Total protein extracts were from 5 million cells resuspended in 100 μl of the lysis buffer containing 0.01% bromophenol blue, 50 mm Tris HCl pH 6.8, 2% SDS, 20% glycerol, and 5% β-mercapto-ethanol. Lysed cells were frozen at −80° C and sonicated. Twenty microliters of boiled extracts were resolved on a 10% denaturating polyacrylamide gel at 300V for 3 hours and electrophoretically transferred onto a nylon membrane (Immobilon, Millipore, Bedford, Massachusetts). After 2 hours of dry milk blockade, first antibody was added in TBS (150 mm NaCl, 50 mm Tris-HCl pH 7.4), 0.1% Tween 20, 1% dry milk overnight. Antibodies were used against p21 (rabbit polyclonal Sc-397, Santa Cruz, San Diego, California) at 1/500, SHP1 (rabbit polyclonal from Cell Signaling, Beverly, Massachusetts) at 1/500, myc-Tag (clone 9E10 from Upstate Biotechnology) at 1/500, STAT1α (rabbit polyclonal from Cell Signaling) at 1/1000, PKR (MAB 7110 a generous gift of A. Hovanessian, Institut Pasteur, Paris, France) at 1/300. Rb Western blots were performed using a kit according instructions of the manufacturer (Cell Signaling). After washing in TBS 0.1% Tween 20, the second antibody was added goat anti-mouse at 1/5000 or goat anti-rabbit at 1/5000 for 1 hour. Revelation was performed after 2 hours washing in TBS 0.1% Tween 20, 1% dry milk by chemiluminescence reaction (Lumiglo; Amersham, Orsay, France) and autoradiography.

Protein Extracts and Electromobility Shift Assay

Nuclear and cytosolic proteins were extracted in parallel from cells as previously described (Feuillard et al, 1991). The κΒ oligonucleotide sequence was 5′ AGTTGAGGGGACTTTCCCAGG 3′. The sequence of the SIE probe was 5′ CATTTCCCGTAATC 3′. Gel shift experiments were performed with 20 μg of nuclear proteins as previously described (Feuillard et al, 1991). Competition experiments were performed with 50-fold excess of the corresponding nonradioactive double-strand oligonucleotide.

Immunolabeling

Immunolabeling was performed on acetone-fixed cells after cytocentrifugation (50,000 cells/slide) and on cell pellet sections. Anti-CD23 antibody (clone MHM6, from Dako, Glostrup, Denmark) was used diluted at 1/20. Anti-CD77 antibody (clone 38–13, a kind gift of Dr. J. Wiels, Institut Gustave Roussy, Villejuif, France) was used diluted at 1/20. Immunolabeling for flow-cytometry was performed as previously described (Feuillard et al, 1995) using an EPICS XL 4C Coulter apparatus. For immunocytochemistry, anti-LMP1 antibody (clone CS1–4 from DAKO, Glostrup, Denmark) was used diluted at 1/20. A standard avidin-biotin-peroxidase technique was performed according to the manufacturer’s procedure (Vectastain kit, Burlingame, California).

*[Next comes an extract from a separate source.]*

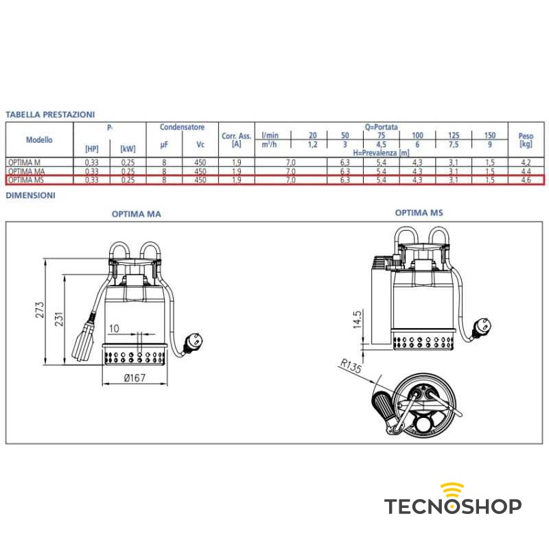 Pompa sommergibile in acciaio inox AISI 304 con tenuta meccanica in bagno d’olio e camera d’olio maggiorata. Queste caratteristiche rendono la pompa affidabile, duratura e resistente alla corrosione. L’elettropompa OPTIMA presenta una grande versatilità di installazione (fissa oppure mobile) dovuta alla possibilità di scelta fra il galleggiante magnetico verticale (di ingombro ridotto) o l’interruttore a galleggiante.

Proliferation, Cell Cycle, and Apoptosis

To assess the cell proliferation rate, 20 million cells were suspended in 30 ml of standard medium (660,000 cells/ml). Cell concentration was determined from an aliquot of 300 μl of the cell suspension. Doubling time was measured during the exponential growth phase. Cell cycle analysis and detection of apoptosis was performed by flow-cytometry as described (Asso Bonnet et al, 1998) on the basis of BrdU incorporation into DNA and staining with propidium iodide. Fluorescence analysis of chromatin condensation and fragmentation was performed after cytocentrifugation of 50,000 cells and DNA staining with the Hoechst 33258 diluted at 20 μg/ml in PBS. Staining of cells with FITC-conjugated Annexin V (BD Biosciences, Erembodegen, Belgium) was performed according to the manufacturer’s protocol.